It’d only take a single summer tour of a couple J-league teams and the gift of about half a million Terry the Terrier based omiyage (souvenirs) to sway this nation to the blue and white.

Maybe one day, when one of my students, stunned to discover that Yorkshire is a place and not just half the name of a fluffy ball of cuteness asks me once again,

“Is my dog English?”

I might be able to reply,

“More than that, he’s a Town fan.”

Handily Divine

As the shinkansen flashes by on the parallel bridge, a bullet blur humming and thumping like a taiko drum as it bursts forth from the tunnel I take a deep breath and smile, soak it all in. A clear night’s sky, a cool breeze whipping over the bridge and across the rice paddies below, drifting presumably upwards and towards the heaven like burst of light on the hillside that is otherwise known as the Gorilla Golf Centre. That bright beacon of Japanese culture nestled in small valleys and hillsides around Japan. A porch light to a nation of golfing moths.

After the first experience I had with it, I never expected that so shortly after I’d find myself feeling thankful towards it, even impressed by its speed, efficiency and ability.

Oh Japanese health system, who knew you had it in you to be those things?

Thanks to you I get to enjoy a part of Japan that had eluded me before. The beauty of the countryside and the city as I jog, amble, stumble and sweat up and down hills, across bridges and beside rice fields. Occasionally scaring the bejesus out of poor folks as a sweaty foreigner rounds the corner at the exact same instant. Getting them a second time by declaring my surprise in Japanese.

In stark contrast to my first experience of medical treatment going to get my knee fixed couldn’t have been simpler. After a few weeks where my lifelong dodgy knee, a family trait, had begun to play up far more than usual, (walking and driving, two things that had never affected me before made my old man knee flare up all of a sudden) I decided it was about time I got it properly checked out, rather than accepting the family defect for what it was.

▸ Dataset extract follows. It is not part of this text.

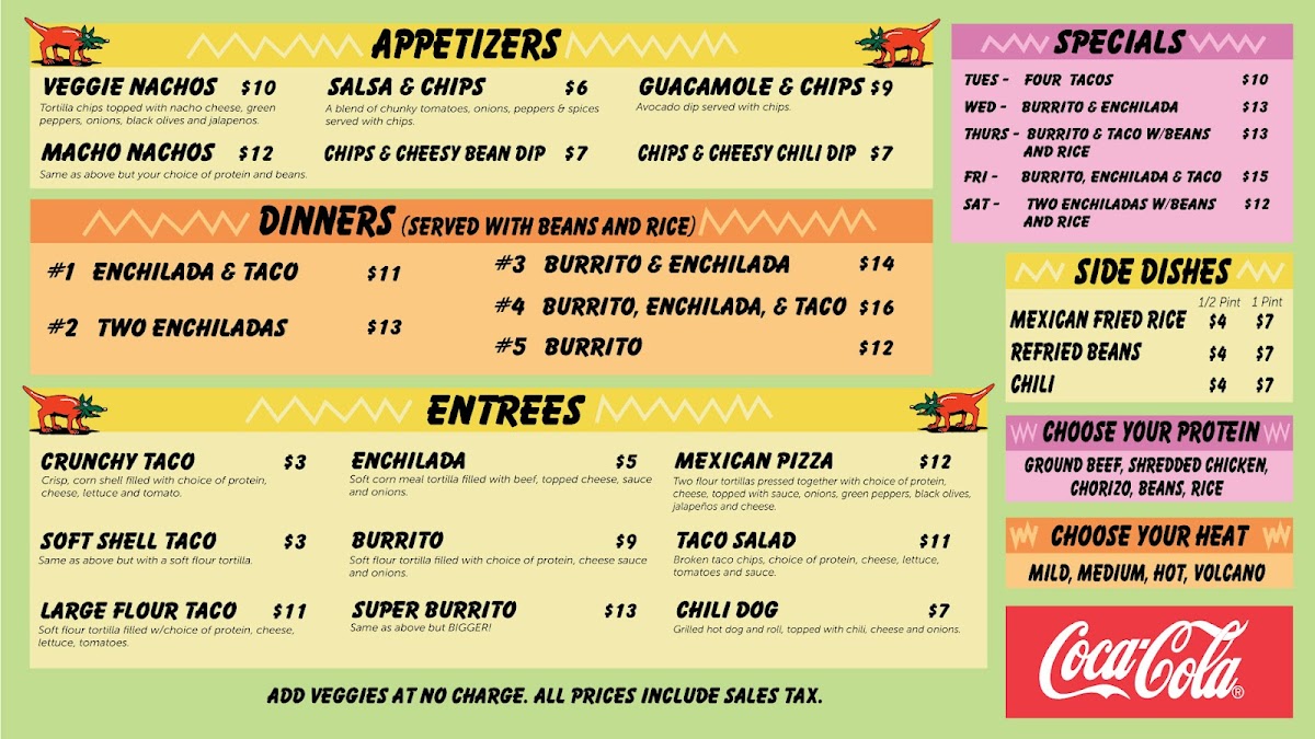 Two flour tortillas pressed together topped with your choice of protein, sauce cheese, green pepper, black olives, & jalapeños.

So after strolling into the appropriate local hospital (Japan’s smaller establishments are separated by discipline so to some extent you have to diagnose yourself) ostensibly just to make an appointment, I was passing and it’d be easier than doing it by phone with my middling Japanese, I soon found myself snuck into the one gap in the day’s appointment list.

An hour later I found myself in the first doctors office where he recommended an X-ray to check this troublesome knee as well my back. I sighed. This story occured during my last job, one where free time was at a premium. Getting to this local hospital was a logistical nightmare that minus a car involved an hour and a half hour of travel by train and foot. The thought of trekking back and forth for tests didn’t appeal.

The doctor looked puzzled.

“Nah, we’ll do it now. Down the hall on the left.”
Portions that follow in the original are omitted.